◆ PROBLEM DETAILS: Transcribe exactly the lines from the first line of the records through the line containing "Ornamento circular Folksy", and leave out every picture.

◆ ◆ ◆

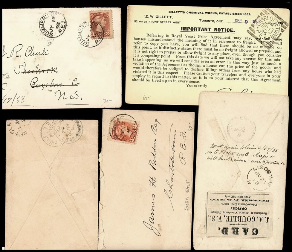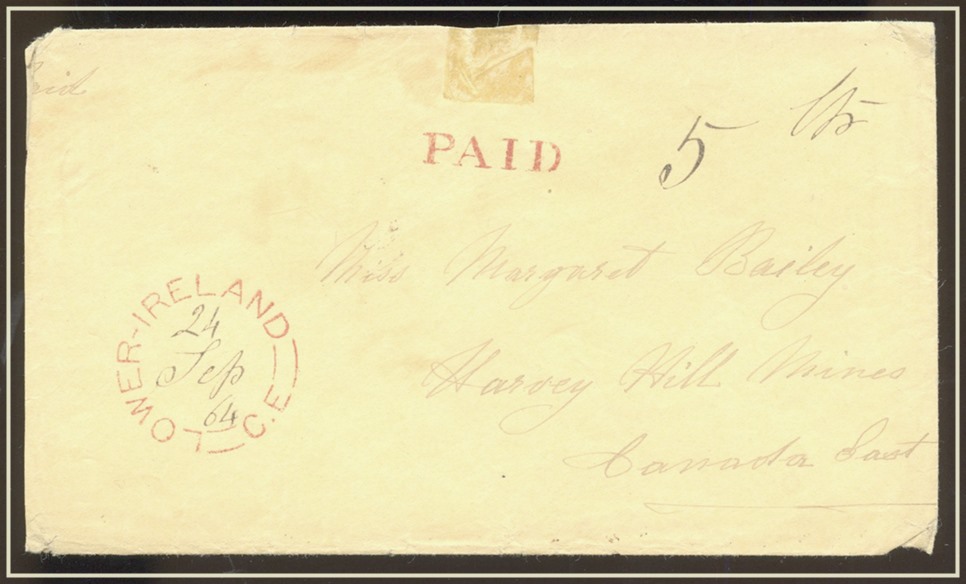 PAID 5 H/S in red, B/S Somerset,Leeds,Quebec,Harvey Hill Mines CE. F-VF
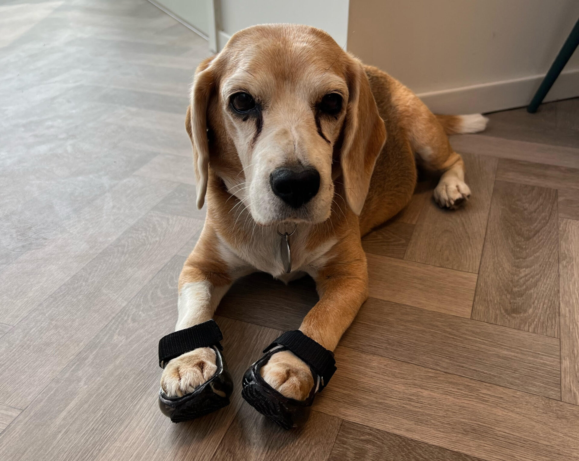 Zoë de Beagle heeft haar schoentjes opgehaald! denise Posted on 5 augustus 2022 Tagged with dierenorthopedie, hond brace, hond mank, orthopetics Zoë heeft haar schoenen opgehaald. Deze corrigeren en ontlasten haar voorpootjes. Ze deed het hartstikke goed!Haar maatje Babs hield alles goed in de gaten en was ook tevreden. Nu lekker gaan oefenen en daarna km’ers maken!!
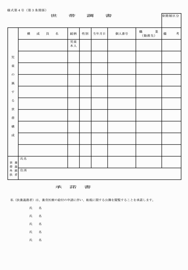 第5条 省令第9条第2項の養育医療券(以下「養育医療券」という。)の交付を受けた者は、当該医療券の有効期間を超えて養育医療の給付を受けようとするときは、事前に養育医療継続承認申請書(様式第5号)を村長に提出しなければならない。
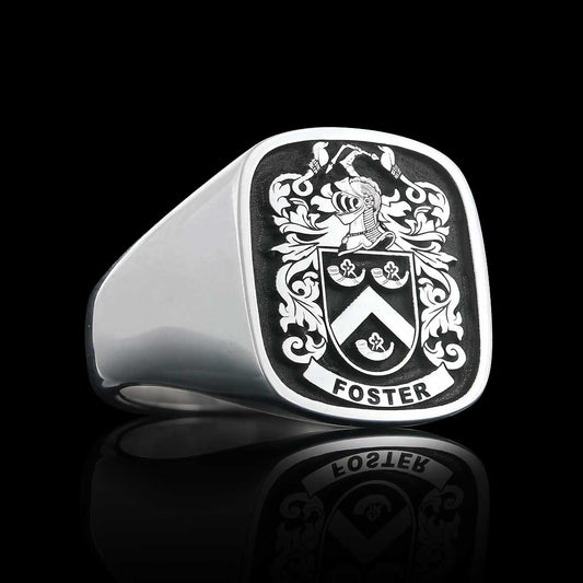Description:Natural Finish Crest Ring with crest on shield and name in banner. Face Size 19mm x 17mm
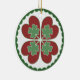 Ornamento circular Folksy contudo à moda com nosso afortunado no design do Hex do amor. Com um toque da sorte e de bênçãos irlandesas, os trevos quádruplos no flutuador verde sobre a trevo-como o arranjo de corações vermelhos, uma combinação perfeita para a sorte e amor para casais. Os quatro corações vermelhos evocam a paixão e a luxúria para seu amor VERDADEIRO. Quando os trevos forem um sinal tradicional da boa sorte, os trevos verdes em um arranjo de quatro igualmente representam o crescimento a longo prazo e sucesso durável para a relação. O scalloping verde em torno da borda representa "a navigação lisa" nas ondas de oceano da vida.
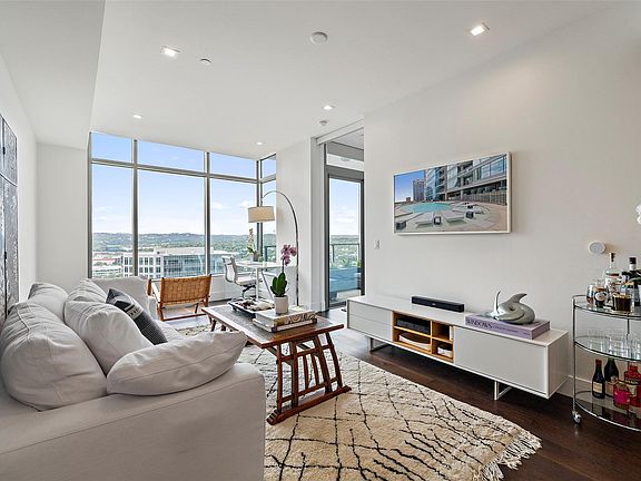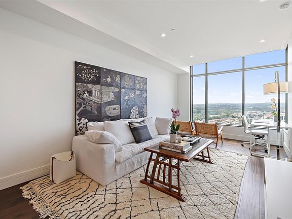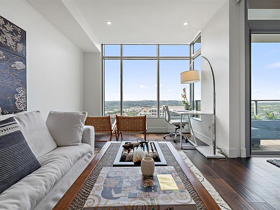 Welcome to Unit 2202 at the Fifth and West Residences in the heart of downtown Austin. Located on the 22nd floor, this luxurious condo offers unparalleled sophistication and breathtaking views overlooking West Austin and Lady Bird Lake.  Immerse yourself in the elegance of modern, urban living with floor-to-ceiling windows that flood the space with natural light, creating a warm and inviting ambiance. Stepping into the kitchen, you’ll find top-of-the-line stainless steel Miele appliances with double ovens, a built-in wine refrigerator, a five-burner gas cooktop and a countertop-depth refrigerator. The sleek and modern quartz topped waterfall edged island seamlessly blends functionality with style.  The primary suite is a true sanctuary, featuring a serene bedroom with picturesque windows and a spa-like bathroom, complete with marble flooring and premium fixtures & finishes. The oversized walk-in closet boasts custom built-ins for ample storage as well as an LG washer and dryer.  This unit also includes a stylish half bathroom, adorned with custom wallpaper, adding a unique touch of character and charm. Step outside on your spacious terrace, where you can take in the stunning views of West Austin while sipping your morning coffee or relaxing in the evening with a glass of wine.  This unit embraces effortless ownership with an included parking space and storage unit in addition to keyless entry, remote controlled window treatments and other smart home features. Residents have the privilege of utilizing the yoga studio, an event kitchen, a fitness studio, a grill and bar area, a pool with wet deck, cabana, and game room. For pet owners, there’s a dedicated dog park and pet spa.  The location extends beyond its doors with easy access to Austin’s best restaurants, shops, Whole Foods Market, Trader Joes, and multiple entertainment venues. Experience the epitome of luxury living in downtown Austin at Unit 2202 in the Fifth and West Residences!
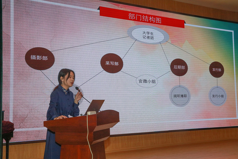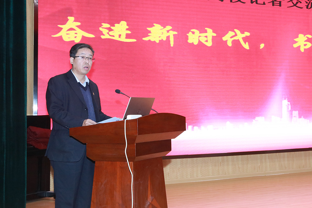 宣传统战处负责同志致辞,代表beplay全站appbeplay全站app首页宣传统战处和广大师生对驻潍大学生记者朋友的光临表示热烈的欢迎,介绍了几年来我院取得的显著办学成就和大学生记者团在院报、官微方面采写报道取得的成绩。希望驻潍高校大学生记者坚持党性原则,强化政治意识,各高校加强交流,各抒己见,汇智聚力,协同发展,接好“天气”,接好“地气”,写出有高度、深度、精度、温度的新闻报道,更加自觉唱好高校育人好声音。
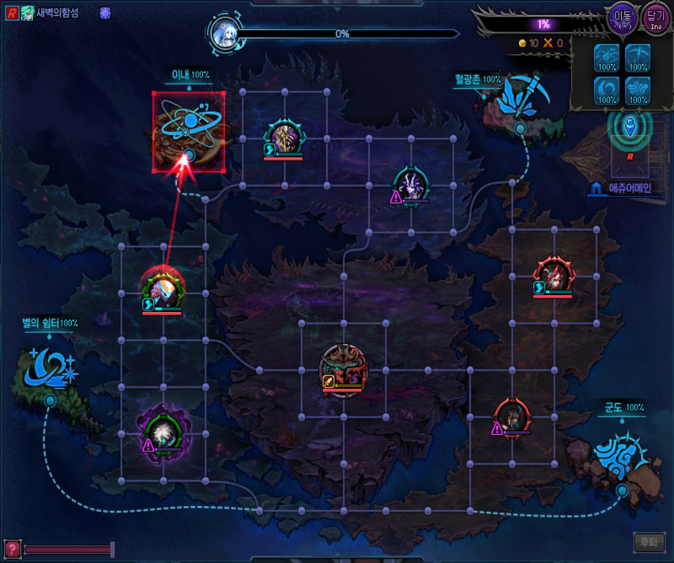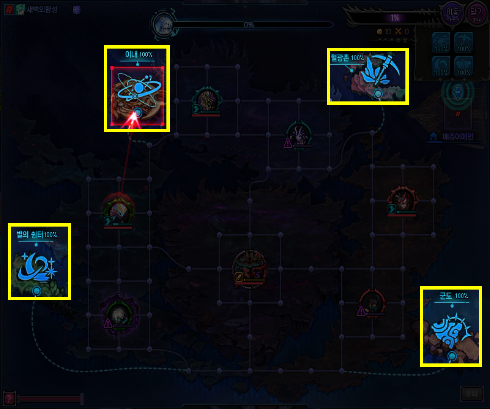 거점 : 이내, 혈광촌, 별의 쉼터, 군도

◆ ◆ ◆

◆ OUTPUT FOR THIS TASK:
 PAID 5 H/S in red, B/S Somerset,Leeds,Quebec,Harvey Hill Mines CE. F-VF
 Zoë de Beagle heeft haar schoentjes opgehaald! denise Posted on 5 augustus 2022 Tagged with dierenorthopedie, hond brace, hond mank, orthopetics Zoë heeft haar schoenen opgehaald. Deze corrigeren en ontlasten haar voorpootjes. Ze deed het hartstikke goed!Haar maatje Babs hield alles goed in de gaten en was ook tevreden. Nu lekker gaan oefenen en daarna km’ers maken!!
 第5条 省令第9条第2項の養育医療券(以下「養育医療券」という。)の交付を受けた者は、当該医療券の有効期間を超えて養育医療の給付を受けようとするときは、事前に養育医療継続承認申請書(様式第5号)を村長に提出しなければならない。
Description:Natural Finish Crest Ring with crest on shield and name in banner. Face Size 19mm x 17mm
 Ornamento circular Folksy contudo à moda com nosso afortunado no design do Hex do amor. Com um toque da sorte e de bênçãos irlandesas, os trevos quádruplos no flutuador verde sobre a trevo-como o arranjo de corações vermelhos, uma combinação perfeita para a sorte e amor para casais. Os quatro corações vermelhos evocam a paixão e a luxúria para seu amor VERDADEIRO. Quando os trevos forem um sinal tradicional da boa sorte, os trevos verdes em um arranjo de quatro igualmente representam o crescimento a longo prazo e sucesso durável para a relação. O scalloping verde em torno da borda representa "a navigação lisa" nas ondas de oceano da vida.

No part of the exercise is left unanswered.